DPD RI – Konflik agraria yang terjadi dalam beberapa waktu belakangan ini, membuat Senator Papua Barat, Filep Wamafma angkat bicara. Menurutnya, salah satu penyebab dari berulangnya konflik agraria tersebut disebabkan oleh lambannya pemerintah menuntaskan persoalan Hak Guna Usaha (HGU).
“Pemerintah memang sangat lamban. Konflik berulang karena mitigasi resiko pemerintah tidak berjalan dengan baik. Padahal masalah HGU di daerah-daerah di Indonesia ini sudah berlarut-larut,” ujarnya saat diwawancarai media (6/10/2023).
“Hasil pemeriksaan KPK saja menemukan ada 8,3 juta hektar (ha) lahan HGU yang belum terpetakan sehingga menimbulkan konflik vertikal. Proses sertifikat luas HGU di Indonesia masih banyak yang belum terpetakan. Ada 1700-an sertifikat yang bermasalah begitu. Kalau kita cek lebih jauh, konfliknya terjadi karena pengukuran tanah HGU sebelumnya masih berdasarkan tanda alam, belum menggunakan sistem proyeksi TM-3 dan karena terbitnya SK penetapan Kawasan Hutan dan Perda RTRW kawasan hutan setelah HGU terbit,” jelas Filep.

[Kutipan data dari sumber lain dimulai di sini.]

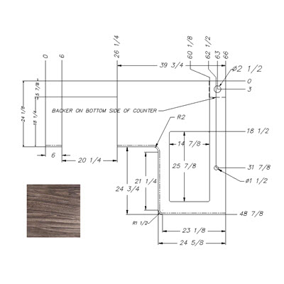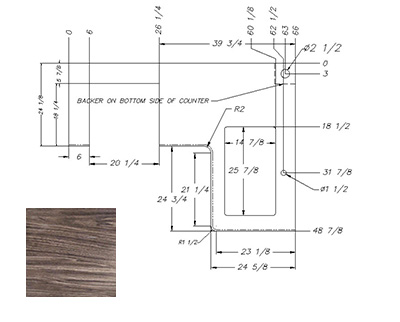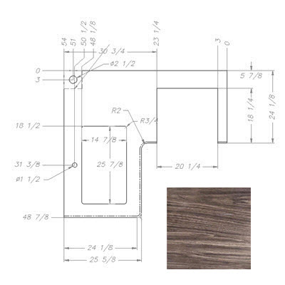 Countertop - Kitchen Top - 1 1/4" x 39.716" x 48 7/8" - Pressed - MDF - C2 - WW01 - w/Buildup - 130-2145a - Late Night

Lebih lanjut, Filep menegaskan bahwa seharusnya analisis KPK itu dijadikan dasar untuk membuat kebijakan yang pro rakyat. Pasalnya, sebagai wakil daerah, dirinya kerap menerima keluhan dari masyarakat terkait masalah HGU tersebut.
“Hasil KPK itu seharusnya segera ditindaklanjuti. Saya menerima aspirasi dari masyarakat terkait konflik HGU ini. Maka tentu saya meminta supaya Pemerintah segera tuntaskan persoalan HGU dan persoalan tanah terlantar agar tidak menciptakan konflik antara pemerintah dan masyarakat,” tambah Filep lagi.
“Di sisi lain, meskipun HGU berkaitan dengan investasi, namun investasi tidak boleh meniadakan perindungan dan pengayoman pada masyarakat. Investasi itu penting tetapi jauh lebih penting adalah bagaimana warga negara diberikan jaminan dan perlindungan oleh Negara,” tegas Filep.
Sebagai solusi atas permasalahan ini, Senator Papua Barat itu meminta agar Pemerintah segera mengambil kebijakan taktis.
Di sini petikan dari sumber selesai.